A especialista constata: "Faço esses registros para que o leitor entenda o que significa dizer que a violência contra a mulher é 'estrutural', termo usado para descrever o enraizamento de práticas, noções e posições que vulnerabilizam a mulher e reforçam os estigmas de que ela seja inferior ao homem, ou que tenha menos direitos que o homem, ou menos dignidade que um homem, ou seja de menos confiança".
Machismo incide sobre outras situações
Iniciativas como o Projeto de Lei 5.096/2020 são uma tentativa de descortinar o véu de violências simbólicas e de práticas naturalizadas de violações às mulheres que assistimos recorrentemente na Justiça, diz Bruna Barbieri.
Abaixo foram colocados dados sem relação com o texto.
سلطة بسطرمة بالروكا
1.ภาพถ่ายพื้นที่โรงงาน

No acesso à Justiça, são várias as situações em que o machismo pesa sobre as mulheres.
"A mãe que possui filhos com mais de um homem, muitas vezes, já é pré-julgada pelo preconceito de ter se relacionado com 'muitos'; a mãe que teve relacionamento paralelo com um homem casado já é, muitas vezes, pré-julgada, mesmo sem se saber ela também não fora enganada; a mãe que pede alimentos gravídicos pode ser vista como irresponsável por engravidar de relacionamentos passageiros; a mãe que pede o aborto de um bebê fruto de uma violência sexual acaba sendo pré-julgada como desumana, mesmo sendo ela quem irá carregar, por nove longos meses, a lembrança diária da violência sofrida."
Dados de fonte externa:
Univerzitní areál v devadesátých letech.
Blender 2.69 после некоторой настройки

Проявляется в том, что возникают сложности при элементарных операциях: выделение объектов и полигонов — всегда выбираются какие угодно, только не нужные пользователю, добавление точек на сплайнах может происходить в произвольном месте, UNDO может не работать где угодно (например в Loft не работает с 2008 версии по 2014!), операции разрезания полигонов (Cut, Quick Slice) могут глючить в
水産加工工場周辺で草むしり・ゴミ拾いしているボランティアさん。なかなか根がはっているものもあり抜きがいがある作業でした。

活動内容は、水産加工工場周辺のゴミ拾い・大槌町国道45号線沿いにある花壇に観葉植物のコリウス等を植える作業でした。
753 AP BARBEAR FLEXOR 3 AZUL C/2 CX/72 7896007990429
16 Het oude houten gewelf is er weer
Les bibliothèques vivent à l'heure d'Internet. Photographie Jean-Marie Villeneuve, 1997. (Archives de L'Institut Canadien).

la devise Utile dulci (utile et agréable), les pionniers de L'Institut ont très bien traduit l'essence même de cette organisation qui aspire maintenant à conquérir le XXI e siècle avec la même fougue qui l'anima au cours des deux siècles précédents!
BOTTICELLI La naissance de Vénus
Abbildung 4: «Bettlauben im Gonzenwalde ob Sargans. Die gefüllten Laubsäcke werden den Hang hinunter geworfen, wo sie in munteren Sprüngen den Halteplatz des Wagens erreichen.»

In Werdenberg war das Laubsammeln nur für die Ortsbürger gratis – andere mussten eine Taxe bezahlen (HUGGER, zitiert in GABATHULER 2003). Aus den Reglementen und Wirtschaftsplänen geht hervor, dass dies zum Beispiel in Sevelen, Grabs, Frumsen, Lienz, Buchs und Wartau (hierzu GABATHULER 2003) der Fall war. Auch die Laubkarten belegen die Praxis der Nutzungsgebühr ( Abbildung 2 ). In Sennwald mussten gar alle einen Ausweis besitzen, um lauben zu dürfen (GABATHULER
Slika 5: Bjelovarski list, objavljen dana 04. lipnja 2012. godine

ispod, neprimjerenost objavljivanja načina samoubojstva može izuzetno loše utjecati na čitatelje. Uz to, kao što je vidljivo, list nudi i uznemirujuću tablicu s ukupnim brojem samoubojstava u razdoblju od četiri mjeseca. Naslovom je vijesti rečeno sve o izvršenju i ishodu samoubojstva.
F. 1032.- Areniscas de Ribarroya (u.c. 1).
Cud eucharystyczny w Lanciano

Segundo a professora, essa é uma reflexão que deve perpassar a mente e o coração de todo profissional do Direito: quais as repercussões que meus atos, minha fala e meus escritos no processo judicial podem causar sobre a outra pessoa? "A proposta aprovada na Câmara traz, em suas entrelinhas, a empatia e a fraternidade como deveres éticos e jurídicos que atravessam o atuar profissional do jurista. Por isso, mais pertinente é a lembrança da lição do psicoterapeuta Carl Jung: 'Conheça todas as teorias, domine todas as técnicas, mas ao tocar uma alma humana, seja apenas outra alma humana'."
Para Bruna Barbieri, toda legislação promulgada tem um importante efeito pedagógico de levar ao conhecimento da sociedade e munir a comunidade jurídica dos nomes correspondentes aos males que se pretende combater. "Caso aprovada, a futura lei irá inserir, de forma definitiva, o dever de cordialidade, humanidade e urbanidade no âmbito dos processos criminais, que sempre foram exigidos, mas que não dispunham, ainda, de medidas de fiscalização e punição caso descumpridos."
Ela conclui: "Os nomes importam e a existência de ferramentas jurídicas adequadas para cada violação de direitos também é importante, especialmente diante da natureza institucional e estrutural de violências a categorias específicas de vulneráveis, como as mulheres. Espera-se que a promulgação da futura Lei seja acompanhada da necessária divulgação e conscientização das pessoas e dos profissionais de Direito, a fim de que cenas lamentáveis como a do caso Mariana Ferrer sejam apenas uma lembrança triste e superada nos anais do Judiciário brasileiro".